I didn't mean "bigger heads" as an exaggerated feature. The dog should be proportional. If I were to buy a GSD today I would prefer one that is big and muscular but within breed standard. There is quite a variance though between lines. I've seen some working line dogs that look smaller than the GSL. What is correct? I don't know. I'm new to this and will openly admit I'm trying to learn. I agree though that exaggeration is bad but there seems to be a lot of variance between lines to the point where it can be confusing to say what a GSD is suppose to look like.


----------



## Vandal

From the standard:


> The head is wedge-shaped and in harmony with the dog's size (length app. 40% of height at the withers) without being coarse or overly long. The head should appear dry, and moderately wide between the ears. Seen from the front and side, the forehead is only slightly domed, the center furrow is either absent or only slightly visible. The length ratio of skull to face is 50 : 50%. Skull width approximately equals skull length. Seen from above, the skull slopes into a wedge-shaped muzzle. The stop should not be pronounced. Upper and lower jaws are strong, the bridge of the nose should be straight, not a Roman nose or dish-faced nose.
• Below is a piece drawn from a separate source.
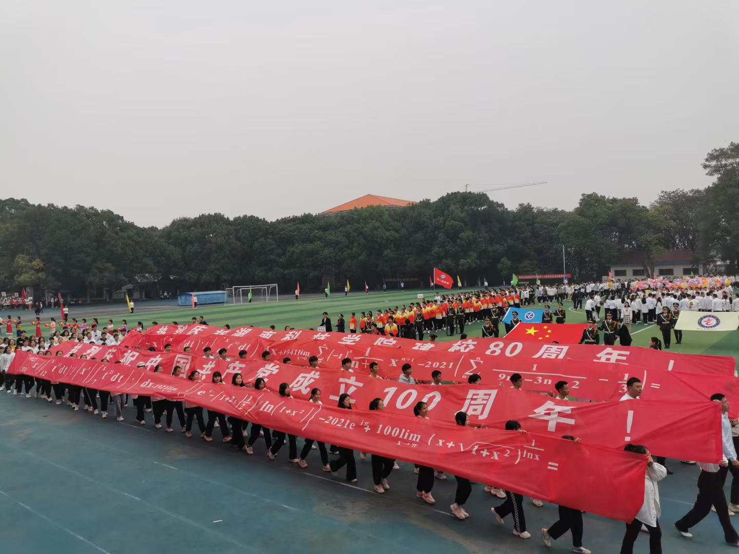 在开幕式上,我院以独有的理学浪漫,借答案为100和80的数学公式,对中国共产党成立100周年和beat365中文官方网站建校80周年表达热烈的祝贺。壮观的阵容,彰显着坚持不懈的信念;坚定而有力的脚步声,衬托出必胜的决心!比赛过程中,那一道道靓丽的身影是我院运动健儿在挥洒汗水;那此起彼伏的呐喊声是啦啦队成员在加油助威;那终点处翘首以待的是我院志愿者在等待运动员们凯旋。

Lips are taut, well closed and of dark color.


The heads on many of the SL dogs, and the DDR dogs for that matter, are not correct. They are too big, more of the mastiff variety than a GSD.


----------



## Vandal

> I agree though that exaggeration is bad but there seems to be a lot of variance between lines to the point where it can be confusing to say what a GSD is suppose to look like


Read the standard and interpret it yourself. Don't simply accept the "interpretation" of others, especially if what they are saying doesn't match what you are looking at.

I have been at shows and at Breed Surveys where the judge is there looking at one dog and describing a completely different one. lol. That's especially true when they start talking about pronounced in protection. It is funny, while at the same time maddening. These people are such good liars, they do it all with a straight face.


----------



## fuzzybunny

Vandal said:


> From the standard:
> 
> The heads on many of the SL dogs, and the DDR dogs for that matter, are not correct. They are too big, more of the mastiff variety than a GSD.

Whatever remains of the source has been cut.